Repeat the whole listing below precisely. Omit all pictures.

- [Dataset excerpt]
>>>

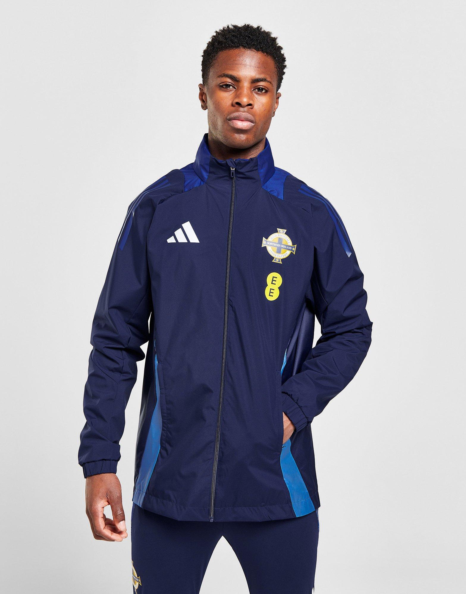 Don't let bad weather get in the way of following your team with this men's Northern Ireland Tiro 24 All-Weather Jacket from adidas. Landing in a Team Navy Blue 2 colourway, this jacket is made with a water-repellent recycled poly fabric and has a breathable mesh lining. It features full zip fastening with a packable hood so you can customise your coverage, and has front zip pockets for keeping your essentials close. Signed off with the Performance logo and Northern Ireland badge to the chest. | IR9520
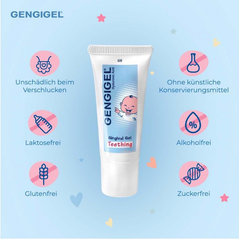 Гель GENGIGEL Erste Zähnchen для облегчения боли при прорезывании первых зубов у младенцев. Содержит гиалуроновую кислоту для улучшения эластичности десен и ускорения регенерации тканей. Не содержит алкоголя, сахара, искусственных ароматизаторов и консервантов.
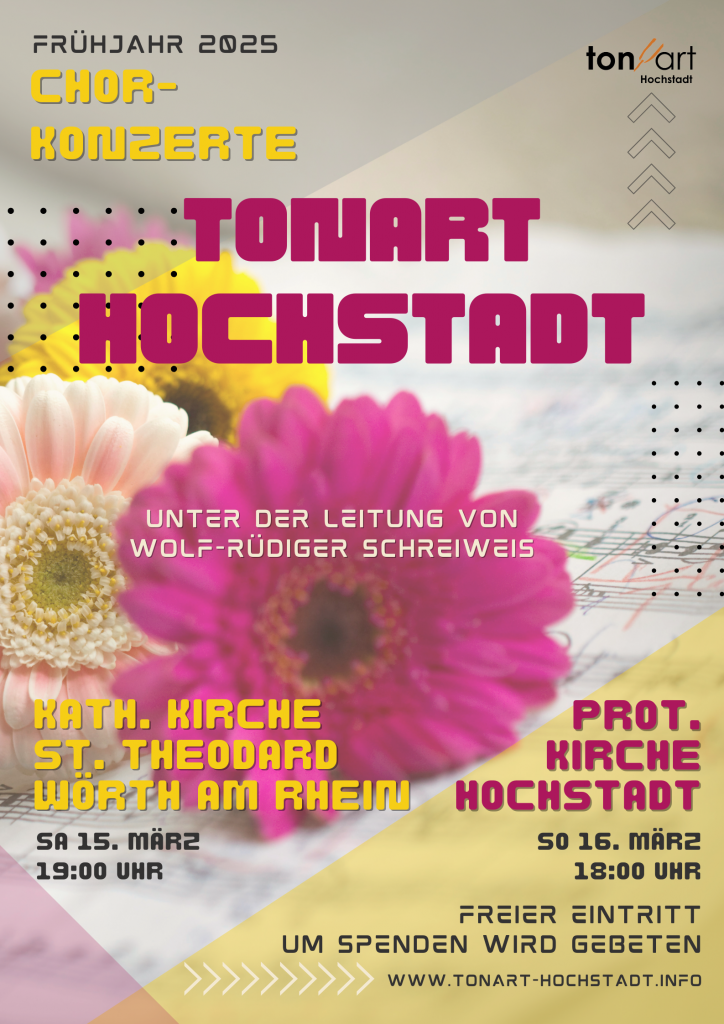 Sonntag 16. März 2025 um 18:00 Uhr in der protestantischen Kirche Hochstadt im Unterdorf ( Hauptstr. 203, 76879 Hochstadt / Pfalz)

<<<

- [Answer to this exercise]
 Don't let bad weather get in the way of following your team with this men's Northern Ireland Tiro 24 All-Weather Jacket from adidas. Landing in a Team Navy Blue 2 colourway, this jacket is made with a water-repellent recycled poly fabric and has a breathable mesh lining. It features full zip fastening with a packable hood so you can customise your coverage, and has front zip pockets for keeping your essentials close. Signed off with the Performance logo and Northern Ireland badge to the chest. | IR9520
 Гель GENGIGEL Erste Zähnchen для облегчения боли при прорезывании первых зубов у младенцев. Содержит гиалуроновую кислоту для улучшения эластичности десен и ускорения регенерации тканей. Не содержит алкоголя, сахара, искусственных ароматизаторов и консервантов.
 Sonntag 16. März 2025 um 18:00 Uhr in der protestantischen Kirche Hochstadt im Unterdorf ( Hauptstr. 203, 76879 Hochstadt / Pfalz)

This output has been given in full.